Tytuł: Odp: Różowe schody
Wiadomość wysłana przez: pinkpixel w 2019-11-07 | 23:34:22
Też mam sosnowe schody.
A odkurzacz? :D
Tytuł: Odp: Różowe schody
Wiadomość wysłana przez: NieTylkoMeble w 2019-11-08 | 12:51:16
Zgadzam się ze stwierdzeniem, że wybór rodzaju drewna na schody czy inne wymagające miejsce, to kwestia filozofii, podejścia do życia i samego życia.
Zaczynając od końca.

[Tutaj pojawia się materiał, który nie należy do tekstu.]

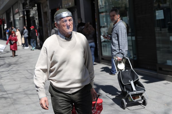 A man wearing a protective face shield heads to a queue outside a supermarket during the coronavirus disease outbreak in Madrid, Spain, March 29, 2020.SUSANA VERA/Reuters

Jest bardzo dużo osób, które wybierają najtańszy materiał i najtańsze wykonanie, bo zwyczajnie ich na to nie stać. Aczkolwiek czasami wybierają droższe rozwiązania, by uniknąć starego powiedzenia "biedny płaci dwa razy".
Przechodząc do filozofii życia. Bywa tak, że tak po prostu wybiera się taki materiał, na jaki się ma ochotę, np. sosnę, która jest przy okazji tania, ale ma cuden usłojenia (kocham ją za to, jak zmienia oblicze pod bejcami), tak zwyczajnie, akceptuje się przemijanie, oczywiście mam na myśli zdroworozsądkowe podejście - specjalnie to zaznaczam, żeby nie wyrywać tekstu z kontekstu :D. Czyli dajmy na to: nie wyrywa się przekwitłych kwiatów, nie zbiera opadłych liści, nie przcina krzewów w linijkę, nie wybiera się desek pierwszej klasy, przechodzi do porządku dziennego nad tym, że rzeczy się zużywają, gdy się je używa. Podłogi i blaty się rysują, obrusy się plamią, chodniki zarastają mchem, szklanki się tłuką, skóra się marszy, mięśnie wiotczeją itd.
Zatem warto czasami odpuścić walkę z nieubłaganym czasem i cieszyć się tym, co jest możliwe do zrobienia. Ja się cieszę już samym faktem tworzenia. Cieszę się na przykład od wiosny sosnowymi klepkami na podłodze (już oczywiście pazury kota na zakrętach zostawiły swoje odbicie). Podłogę taką robiłam z myślą, że teraz mi się podoba właśnie taka. A znam siebie i wiem, że za dziesięć lat pewnie zacznę coś zmieniać w domu, zapewne i podłogę. Zatem wydatek dwukrotnie wyższy na jesion czy dąb mi się zwyczajnie nie opłacał. A że przy okazji należę do tych ludzi, co godzą się z przemijaniem, to widoczne zadrapania w tym momencie mi nie przeszkadzają. Bo to oznacza, że dom żyje, nie jest pusty i że różne przedmioty są potrzebne. Jak zdrapania będą blisko punktu krytycznego "akceptowalnego wyglądu rustykalnego" :D, to zacznę myśleć, co nowego. A jak nowego, to na pewno innego, może lepszego (pod względem wykonania i pomysłu), bo przecież lat nie ubywa a przybywa, a tym samym przecież poziom umiejętności powinien rosnąć :) Jak to mówią "praktyka czyni mistrza". Wynikają z tego podejścia różne pozytywy, np. mniej stresu, gdy pojawi się pęknięcie albo zadrapanie  8)
Tytuł: Odp: Różowe schody
Wiadomość wysłana przez: pinkpixel w 2019-11-08 | 13:06:42
@Nie tylko meble:
A niechże Cię uściskam za to co napisałaś!
I
bądź
tu!
Tytuł: Odp: Różowe schody
Wiadomość wysłana przez: NieTylkoMeble w 2019-11-08 | 16:58:38
@Nie tylko meble:A niechże Cię uściskam za to co napisałaś! I bądź tu!
Czuję się u-ściskana :D
Tytuł: Odp: Różowe schody
Wiadomość wysłana przez: pinkpixel w 2019-11-12 | 08:49:19
Drugi - ostatni spocznik położony.

Teraz poręcz i barierka. Później gipsowanie, listwy, malowanie klatki schodowej i światło.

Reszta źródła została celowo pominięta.